As some of you may know, Perspectiva recently engaged in a project to explore what might constitute a visionary today. The initial inspiration for this work came from the Joseph Rowntree Foundation (JRF) and their intuition that our need for visionaries is especially great given the challenges of our times.
We did not anticipate what would unfold – and for this, we owe much gratitude to the Emerging Futures team at JRF. The inquiry afforded us an opportunity to get to know the wider community around Perspectiva and, for me, in my role as Associate Director of Community, it made clear one aspect of Perspectiva’s purpose that I had previously only been able to dimly sense.
The subject was fascinating in and of itself, but what struck me most was the richness of response from the Perspectiva community – the depth of the one-to-one conversations, group discussions, survey responses, direct emails, voice notes and even poetry. Here are just a few examples:
“A visionary today, has substance and depth. She can see with a very wide lens beyond a particular specialism in a way which integrates and inspires, doesn’t skirt past our pained reality but ultimately courageously unveils a truth that intuits that which we could see but didn’t realise.”
“In psychotherapeutic work, there's a vision of the work being about helping the individual human come to wholeness. The visionary, perhaps, enables that for larger bodies, like a society, a people.”
“A visionary is a person that is courageous enough to not only face and work with uncertainty, they also face the paradox of believing in a future that they may have no supporting evidence for.”
After months of engagement and inquiry, the insights and responses began to weave themselves into a clear emerging theme – that of the visionary ecosystem. The idea of a visionary ecosystem is that ‘visionariness’ is rarely located within a lone individual but often comes to life through a group of people “working in iterative commons with each other”, as one of our interviewees Indy Johar put it. When I shared this idea with my colleague Leigh, she mused, “Maybe this is part of Perspectiva’s mythos – maybe we’re trying to support the emergence of a visionary ecosystem.” I felt an immediate resonance.
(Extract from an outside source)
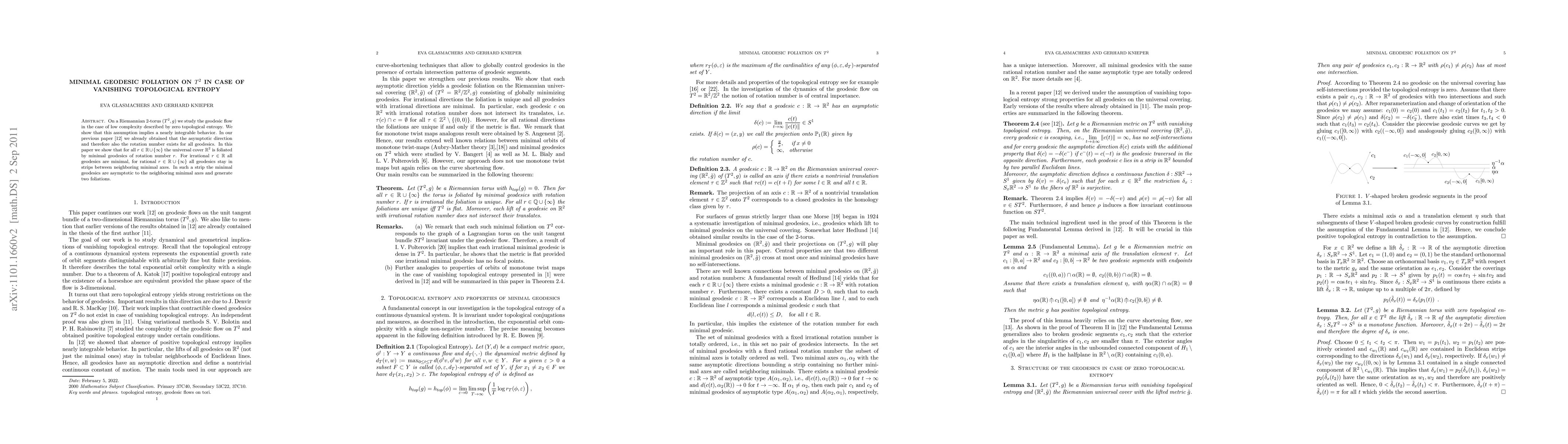 On a Riemannian 2-torus $(T^2,g)$ we study the geodesic flow in the case of low complexity described by zero topological entropy. We show that this assumption implies a nearly integrable behavior. In our previous paper \cite{GK} we already obtained that the asymptotic direction and therefore also the rotation number exists for all geodesics. In this paper we show that for all $r \in \mathbb{R} \cup \{\infty\}$ the universal cover $\Br^2$ is foliated by minimal geodesics of rotation number $r$. For irrational $r \in \mathbb{R}$ all geodesics are minimal, for rational $r \in \mathbb{R} \cup \{\infty\}$ all geodesics stay in strips between neighboring minimal axes. In such a strip the minimal geodesics are asymptotic to the neighboring minimal axes and generate two foliations.

I started working with Perspectiva at the beginning of the year (you can read about my journey and what drew me to this work here). When my friends have asked me “what does Perspectiva do?” I’ve not always found it easy to give a succinct explanation. This is perhaps because Perspectiva is not an ordinary organisation. Among many other things, it’s a publisher, a co-creator of an annual ideas-meet-embodiment festival, it curates public events and develops practices of deep democracy (see: Antidebate). By design, we do not subscribe to a narrow field of endeavour – for instance focusing solely on democratic renewal, spiritual innovation, metaphysics, or ecologically informed economics. Instead, we work across all of these areas, as we believe this is the best way to understand the interrelated nature of our world and improve the relationships between systems, souls, and society. A “visionary ecosystem” is what I came to Perspectiva looking for and, I believe, it’s an apt expression of what Perspectiva is trying to be a part of. In our report to JRF on visionary ecosystems we wrote:
"Ecosystem is a term derived from ecology that The National Geographic describes as ‘a bubble of life’, and it has evolved to include human ecosystems and digital ecosystems. The ‘eco’ refers ultimately to an idea of habitat or home, and system refers to the complex relationships between a range of elements within some kind of boundary functioning with some kind of goal.
A visionary ecosystem is therefore a geo-socio-digital network of deep thinkers and innovators who enhance our perception of life’s possibilities and purposes, to find ways to protect and revitalise our shared and only home."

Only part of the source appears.